The new office will be completed in the next few weeks after two-and-a-half years of construction, a TVNZ spokeswoman said.

"Initial phases of the project identified the need for more remedial work than was originally anticipated including the need to address external cladding issues, water tightness, and bringing the building up to current building codes," she said.


The project was sparked by the $10.6 million sale of land and buildings for the controversial SkyCity international convention centre.

The casino operator is building the centre in return for a law change to allow it more gaming machines.

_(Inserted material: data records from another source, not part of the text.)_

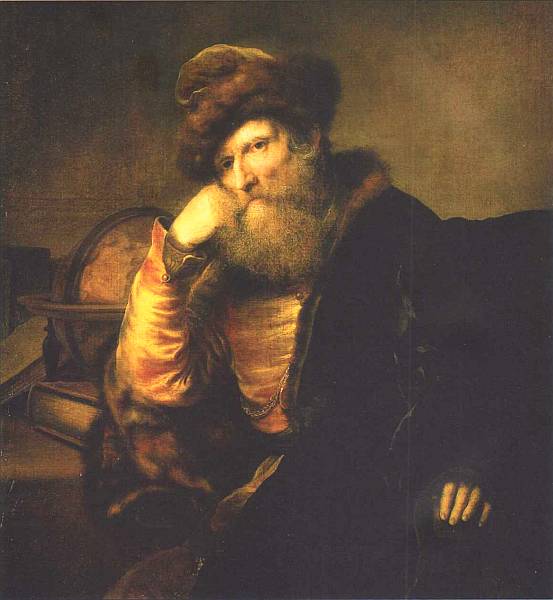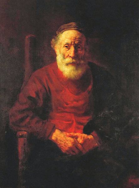 В искусстве знаменитого голландского живописца Рембрандта в 1650-е центральное место занимал новый, ранее неизвестный в европейской живописи тип портрета-биографии. Моделями художника часто служили пожилые люди, воплощавшие жизненную мудрость, на чью долю выпали горестные испытания. Это десятилетие стало вершиной мастерства Рембрандта как портретиста. Через величавое спокойствие художник передает психологическое состояние пожилого человека, его переживания и раздумья. Особый живописный рембрандтовский свет и мягкий полумрак позволяют ощутить его развивающимся во временном потоке, который связывает прошлое, настоящее и будущее. Лицо и руки старика, форму которым художник придавал не только кистью, но и своими пальцами, кажутся озаренными неким духовным внутренним светом. Образ, созданный мастером, стал олицетворением стойкости и принятия своей участи.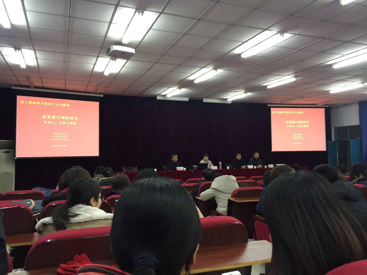 宣讲报告结束后,胡红林书记代表三个学院对王教授的精彩宣讲表示感谢,同时对下一步十九大精神学习贯彻提出明确要求:一是学习贯彻十九大精神是当前和今后一个时期的首要政治任务,思想上要高度重视;二是大家要主动深入的学习十九大精神,用习近平新时代中国特色社会主义思想武装头脑;三要在联系实际上下功夫,用十九大精神指导工作,以实际行动为学校事业发展做出更大的贡献。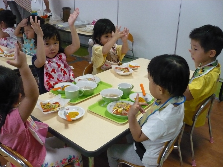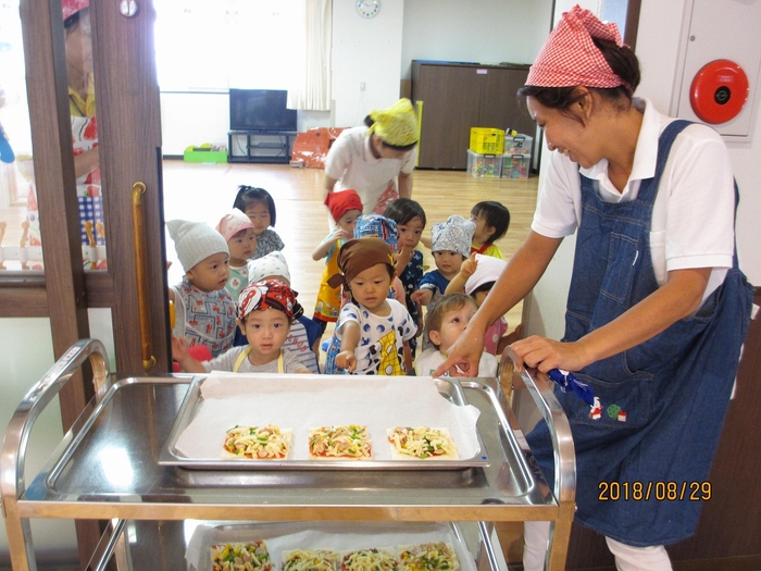 当日は園児たち約100人が参加しました。トイレを済ませた後、手洗い、消毒をし、エプロン、三角巾等で身支度をしました。乳児クラスでは一人ひとりが食パンにピザの具をのせ、トレーに入れて調理室に持っていきました。3歳児以上のクラスでは、グループごとに調理。生地の材料をボールの中で混ぜてぬるま湯を加え、テーブルの上でこねてから人数分に分けて麺棒で伸ばしました。具材をのせて出来上がったものを調理室で焼いてもらいました。園児たちは「自分で作ったからおいしいね」と、喜んで食べていました。

TVNZ's sale of the taxpayer-owned land on Hobson St was needed for the convention centre to be built to design, but that was possible only if all of the broadcaster's staff could work out of a hub at 100 Victoria St West.

That led to the plans for a major revamp which TVNZ, on the advice of surveyors, estimated would cost $36.6 million. To help meet that cost it struck a deal with the Government in 2013 that saw it suspend its annual dividend payment for two years - equivalent to about $24 million.

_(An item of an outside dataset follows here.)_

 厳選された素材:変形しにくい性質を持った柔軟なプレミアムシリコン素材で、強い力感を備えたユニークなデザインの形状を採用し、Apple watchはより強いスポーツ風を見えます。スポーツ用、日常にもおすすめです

In June 2014 the board signed off a revised budget of $43.3 million.

Last October Treasury told Broadcasting Minister Amy Adams and Finance Minister Bill English the latest estimate was $59 to $60 million.

The Treasury briefing, released under the Official Information Act, outlined TVNZ efforts to haul in costs, including using carpet tiles.

In an earlier aide memoire in July last year, Treasury noted the project's capital expenditure "was never going to produce income nor reduce operating cost to the extent of meeting TVNZ's cost of capital".


As well as the planned $36.6 million spend on its office refit, TVNZ had also budgeted about $7 million in decamp costs, including renting temporary office space.

Treasury opposed the office refurbishment plan and request for dividend relief before its sign-off by the Government in 2013.

Once the budget problems became apparent, PwC was engaged to review how TVNZ had handled the project, and concluded that the broadcaster's board had acted appropriately.

The TVNZ spokeswoman said the increased refurbishment costs have been funded by TVNZ, and the broadcaster did not ask the Government to extend the dividend relief granted in 2013.